Please output the lines from the one with "ibaeta wetlands" through the end of the data exactly as written, omitting all pictures.

AVAILABLE DATA >>
□ □ □ □ □ □ □
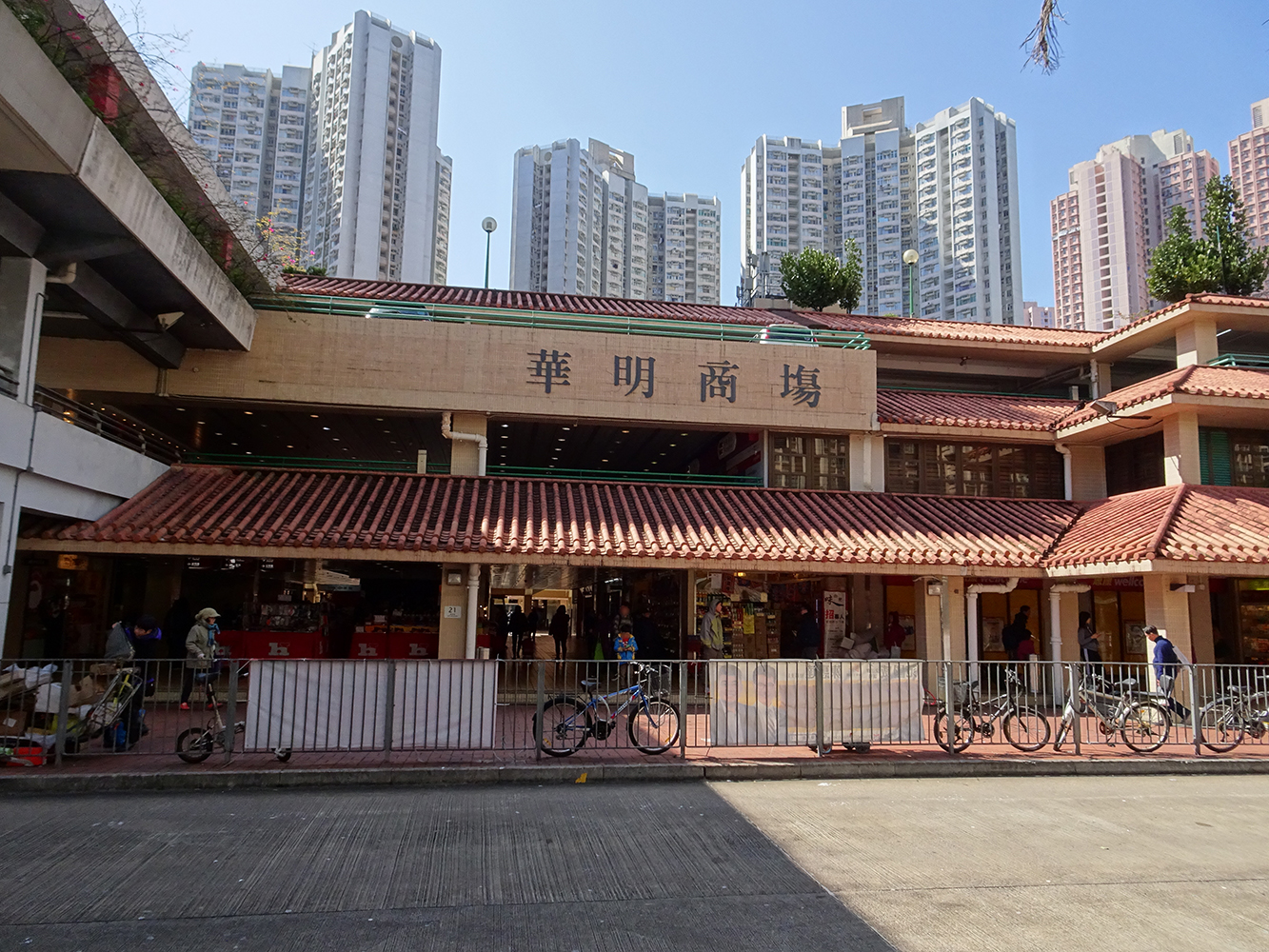 Wah Ming Shopping Centre in Fanling, Hong Kong.
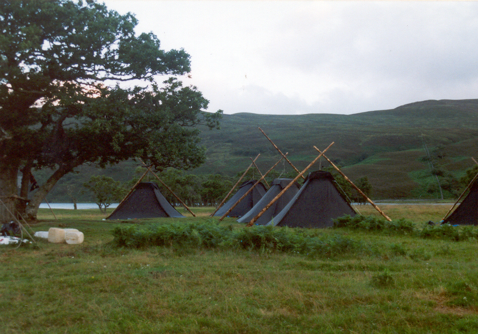 Kohte, self photograph. A Kohte is a German Scout tent based on the shape and function of the Saami (Laplander) tipi-like reindeer skin tent.
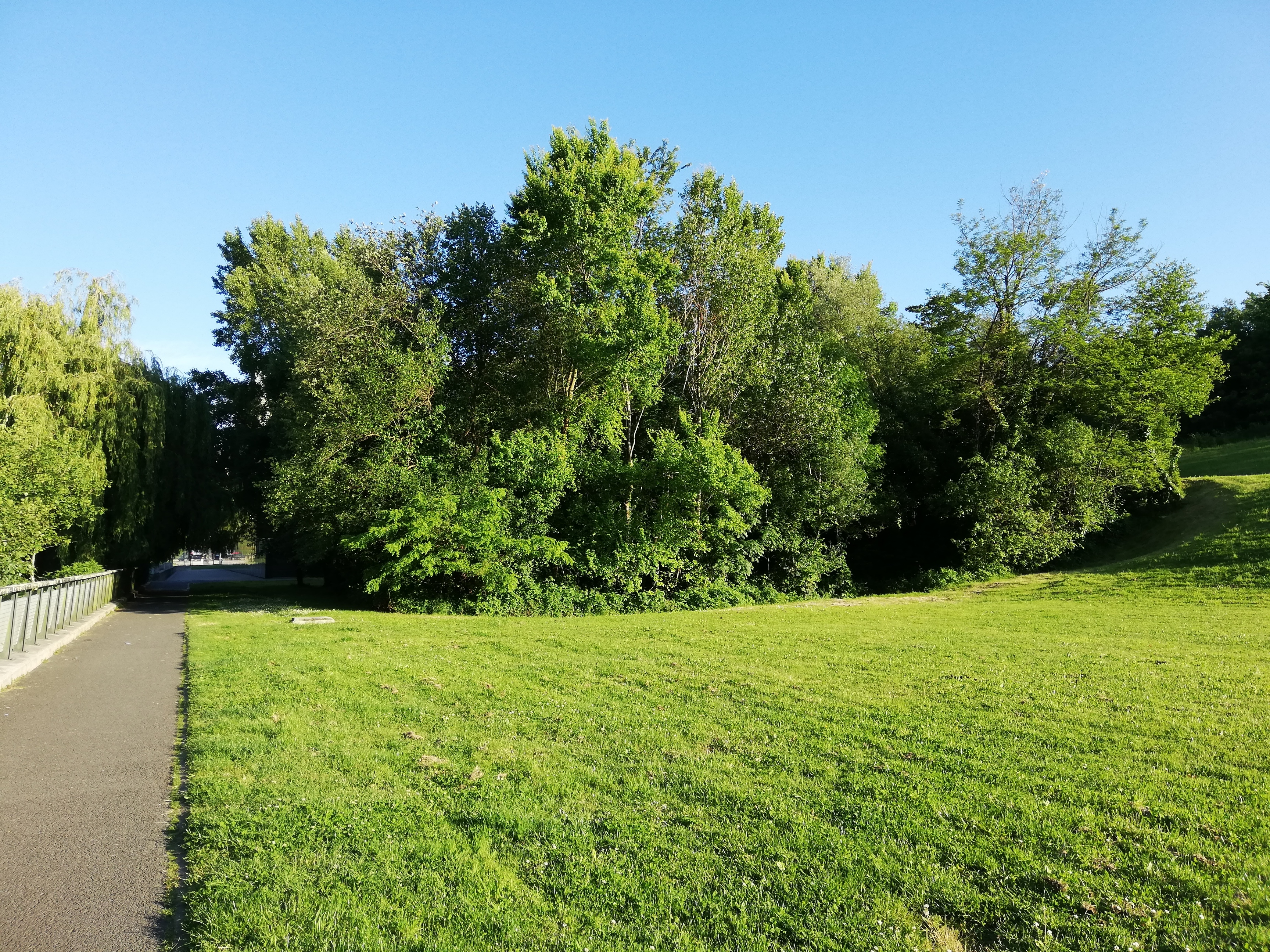 ibaeta wetlands
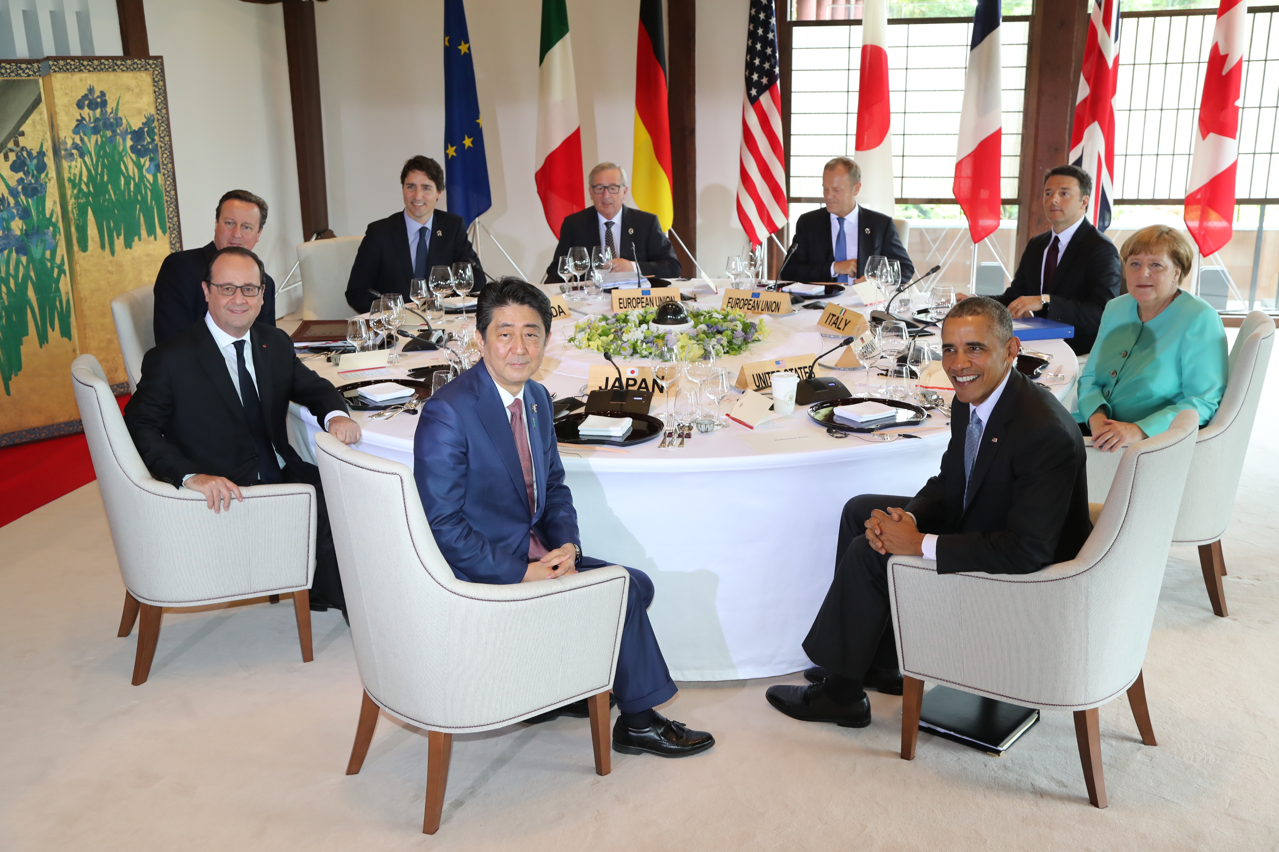 G7 Leaders at 42nd G7 summit in Shima Kanko Hotel.
□ □ □ □ □ □ □
TASK RESPONSE >>
 ibaeta wetlands
 G7 Leaders at 42nd G7 summit in Shima Kanko Hotel.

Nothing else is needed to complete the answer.